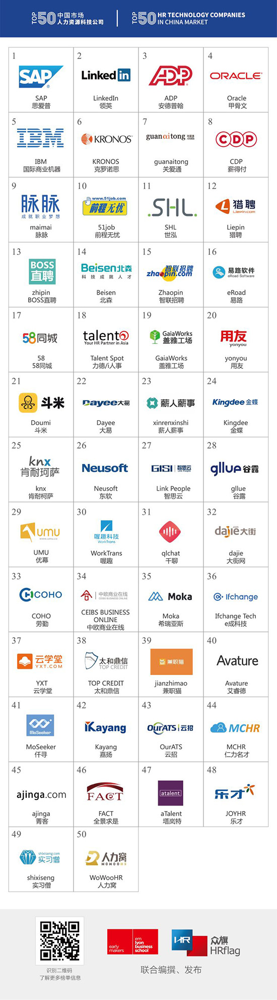 日前, SAP荣登 “中国市场人力资源科技公司50强”榜单首位。该榜单充分表明,全球领先的云端人力资源管理解决方案SAP SuccessFactors(HR云)在中国已经获得了业界与客户的广泛认可和高度支持。此外,SAP还在一同发布的“中国人力资源科技公司(人力资源软件方向)”排名中位列第一。
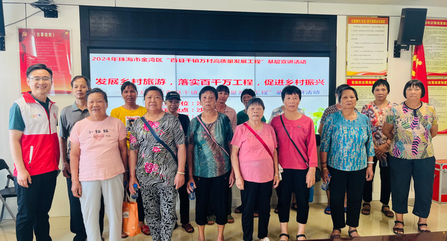 本次讲座是2024年珠海市金湾区“百县千镇万村高质量发展工程”基层宣读活动之一,讲座围绕发展乡村旅游,落实百千万工程,促进乡村振兴开展。沙脊村,是金湾区红旗镇下辖的一个行政村,区域总面积4.26平方公里,耕地面积4425亩。现阶段沙脊村积极谋划推进沙脊村第三产业发展,实施沙脊村“水上集市”及“庭院”经济,利用旧小学地块新建游客中心扩大业态向游客提供更全面的服务场所。目前,示范段工程已基本完成,我村围绕示范段为“核心”,逐步提升完善配套周边产业设施,为沙脊村乡村旅游发展注入“活水”。
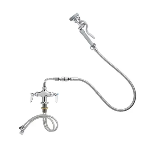 TS Brass B-0200-60H-VB Mixing Faucet Kit, single, deck mounted, includes: vacuum beaker (B-0970-01), swivel elbow - B-0200-60H-VB - T&S Brass T&S Brass B-0200-60H-VB Single Hole Deck Mount Pre Rinse Faucet W/ 4" Centers, B-0107-035 Spray ValvTS Brass B-0200-60H-VB Mixing Faucet Kit, single, deck mounted, includes: vacuum beaker (B-0970-01), swivel elbow - B-0200-60H-VB - T&S BrassSingleDeck MountedIncludes: Vacuum Beaker (B-0970-01)Swivel Elbow (034A)Angle Spray Valve With 60" Flexible Stainless Steel Hose (B-0107-035)Wall Hook (B-0104-D)Lever Handles With Color Coded Indexes(1) 150A Tailpiece And Nut For 1/4" Npt ConnectionHose Length: 60"Nozzle Type: NoneValve Type: MixingMount: DeckNozzle Mount: Swing/SwivelCenters: Single Pre-rinse Faucets B020060HVB, 510B20060HVB
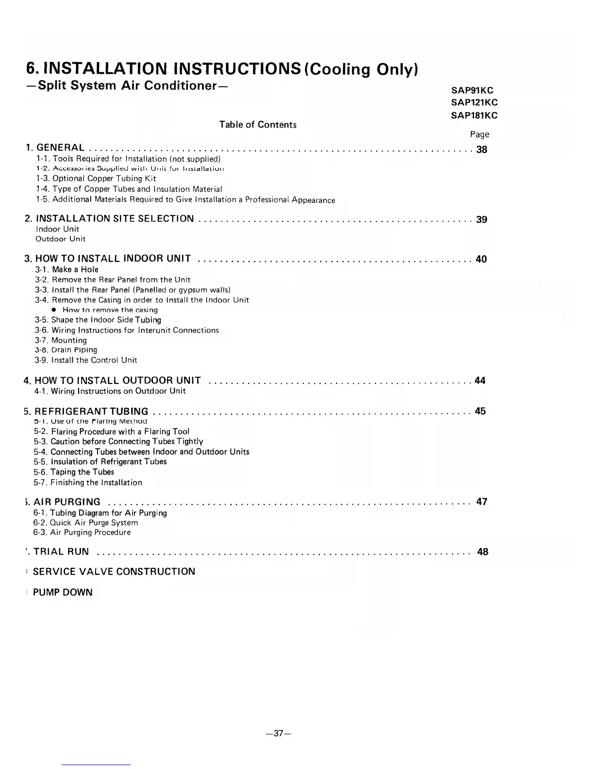 Sanyo SAP91KC - Installation Instructions
▬▬▬
Repeat exactly the lines from the one containing "本次讲座是2024年珠海市金" to the last line of the data above, both included, and write no pictures into the copy.

 本次讲座是2024年珠海市金湾区“百县千镇万村高质量发展工程”基层宣读活动之一,讲座围绕发展乡村旅游,落实百千万工程,促进乡村振兴开展。沙脊村,是金湾区红旗镇下辖的一个行政村,区域总面积4.26平方公里,耕地面积4425亩。现阶段沙脊村积极谋划推进沙脊村第三产业发展,实施沙脊村“水上集市”及“庭院”经济,利用旧小学地块新建游客中心扩大业态向游客提供更全面的服务场所。目前,示范段工程已基本完成,我村围绕示范段为“核心”,逐步提升完善配套周边产业设施,为沙脊村乡村旅游发展注入“活水”。
 TS Brass B-0200-60H-VB Mixing Faucet Kit, single, deck mounted, includes: vacuum beaker (B-0970-01), swivel elbow - B-0200-60H-VB - T&S Brass T&S Brass B-0200-60H-VB Single Hole Deck Mount Pre Rinse Faucet W/ 4" Centers, B-0107-035 Spray ValvTS Brass B-0200-60H-VB Mixing Faucet Kit, single, deck mounted, includes: vacuum beaker (B-0970-01), swivel elbow - B-0200-60H-VB - T&S BrassSingleDeck MountedIncludes: Vacuum Beaker (B-0970-01)Swivel Elbow (034A)Angle Spray Valve With 60" Flexible Stainless Steel Hose (B-0107-035)Wall Hook (B-0104-D)Lever Handles With Color Coded Indexes(1) 150A Tailpiece And Nut For 1/4" Npt ConnectionHose Length: 60"Nozzle Type: NoneValve Type: MixingMount: DeckNozzle Mount: Swing/SwivelCenters: Single Pre-rinse Faucets B020060HVB, 510B20060HVB
 Sanyo SAP91KC - Installation Instructions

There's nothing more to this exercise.